Brief » Pictures should be excluded; otherwise, copy every entry exactly.

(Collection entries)
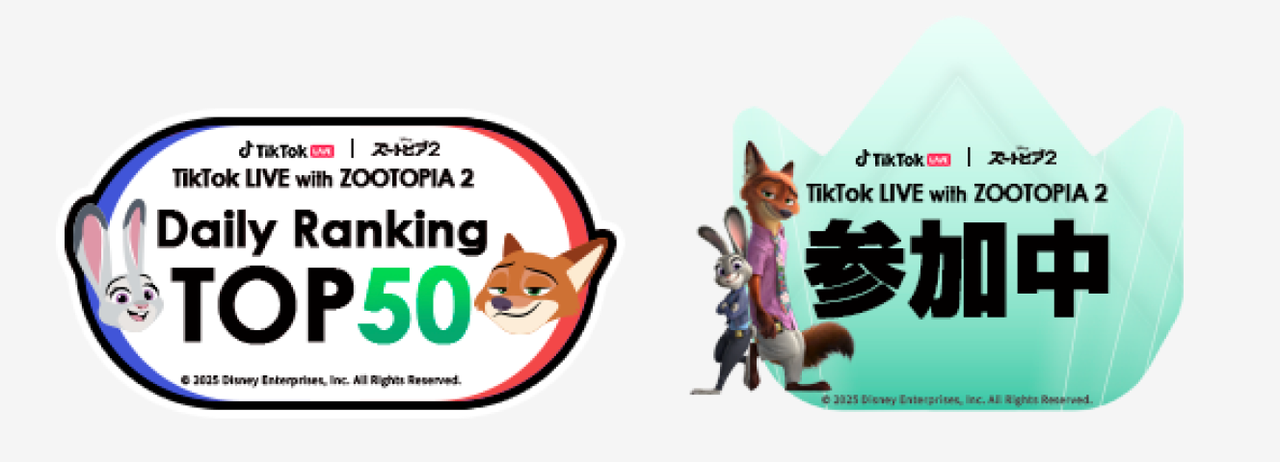 ショートムービープラットフォーム「TikTok(ティックトック)」は、TikTok LIVEにて、映画『ズートピア2』(2025年12月5日公開)とのオリジナルイベント「TikTok LIVE with ZOOTOPIA 2」を11月10日(月)より開催します。
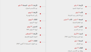 – السبت 25 أبريل: عيد تحرير سيناء.
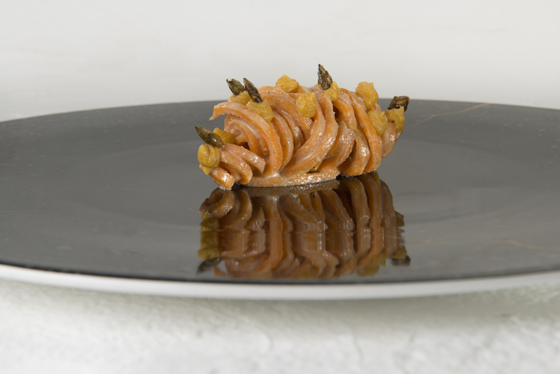 Tra le chicche da provare, i piatti che “rivoluzionano” grandi classici della cucina semplice, come come pane e salame, ma in versione “dolce” con michetta di pasta choux, salame di cioccolato bianco con mirtilli e mandorle, cremoso allo yogurt e limone, acetosella.
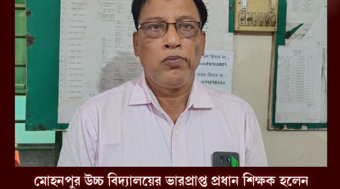 দেবিদ্বার(কুমিল্লা প্রতিনিধি) কুমিল্লার দেবিদ্বার উপজেলার মোহনপুর উচ্চ বিদ্যালয়ের ভারপ্রাপ্ত প্রধান শিক্ষক হলেন বিদ্যালয়ের সিনিয়র শিক্ষক বিজয় কুমার দত্ত। ১৬ই ডিসেম্বর বিদ্যালয়ের এক অফিস আর্দেশে বিষয়টি নিশ্চিত করা হয়৷ এর আগে
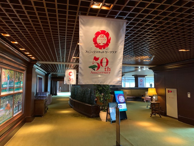 宮崎シリーズ2日目は開場50周年目のフェニックスカントリークラブです。シェラトンにはテツさんにお迎えに来て頂き、3分ほどで到着。すぐにT支配人がご挨拶にお越しくださいました。しかし、何度来ても重厚なクラブハウスで圧倒されます。フェニックスが初めてのテツさんにチャンピオンズロッカーをご案内しましたが、たいそう驚いておられました。しかし、今日はガラ~ンとしています。
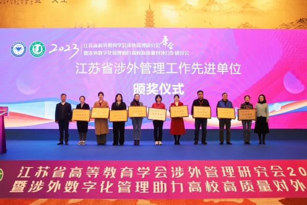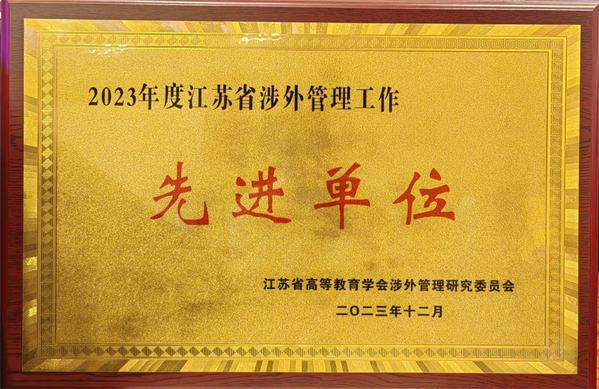 会上分别表彰了2023年涉外管理和来华留学生教育工作的先进单位和个人。我校再次荣获2023年度“江苏省涉外管理工作先进单位”和“江苏省来华留学生教育先进集体”,这是我校连续第五年获得这两项荣誉。我校另有五名个人分别荣获2023年度“江苏省涉外管理工作先进个人” “江苏省外国留学生教育管理先进个人”等荣誉称号。
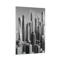 Quadro su vetro - Panorama di grattacieli moderni in toni monocromatici - 80x120cm - La città sul deserto - Decorazione murale moderna per soggiorno e camera da letto ARTTOR
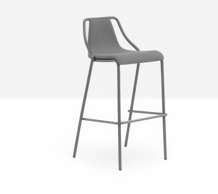 Ola stool with a lacquered metal frame, available in leather, faux leather, or fabric upholstery.
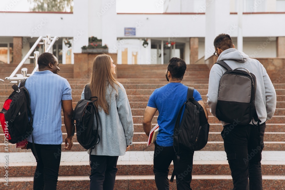 Group of Diverse Students Walking Up Stairs to University Campus With Backpacks

Result »
 ショートムービープラットフォーム「TikTok(ティックトック)」は、TikTok LIVEにて、映画『ズートピア2』(2025年12月5日公開)とのオリジナルイベント「TikTok LIVE with ZOOTOPIA 2」を11月10日(月)より開催します。
 – السبت 25 أبريل: عيد تحرير سيناء.
 Tra le chicche da provare, i piatti che “rivoluzionano” grandi classici della cucina semplice, come come pane e salame, ma in versione “dolce” con michetta di pasta choux, salame di cioccolato bianco con mirtilli e mandorle, cremoso allo yogurt e limone, acetosella.
 দেবিদ্বার(কুমিল্লা প্রতিনিধি) কুমিল্লার দেবিদ্বার উপজেলার মোহনপুর উচ্চ বিদ্যালয়ের ভারপ্রাপ্ত প্রধান শিক্ষক হলেন বিদ্যালয়ের সিনিয়র শিক্ষক বিজয় কুমার দত্ত। ১৬ই ডিসেম্বর বিদ্যালয়ের এক অফিস আর্দেশে বিষয়টি নিশ্চিত করা হয়৷ এর আগে
 宮崎シリーズ2日目は開場50周年目のフェニックスカントリークラブです。シェラトンにはテツさんにお迎えに来て頂き、3分ほどで到着。すぐにT支配人がご挨拶にお越しくださいました。しかし、何度来ても重厚なクラブハウスで圧倒されます。フェニックスが初めてのテツさんにチャンピオンズロッカーをご案内しましたが、たいそう驚いておられました。しかし、今日はガラ~ンとしています。
 会上分别表彰了2023年涉外管理和来华留学生教育工作的先进单位和个人。我校再次荣获2023年度“江苏省涉外管理工作先进单位”和“江苏省来华留学生教育先进集体”,这是我校连续第五年获得这两项荣誉。我校另有五名个人分别荣获2023年度“江苏省涉外管理工作先进个人” “江苏省外国留学生教育管理先进个人”等荣誉称号。
 Quadro su vetro - Panorama di grattacieli moderni in toni monocromatici - 80x120cm - La città sul deserto - Decorazione murale moderna per soggiorno e camera da letto ARTTOR
 Ola stool with a lacquered metal frame, available in leather, faux leather, or fabric upholstery.
 Group of Diverse Students Walking Up Stairs to University Campus With Backpacks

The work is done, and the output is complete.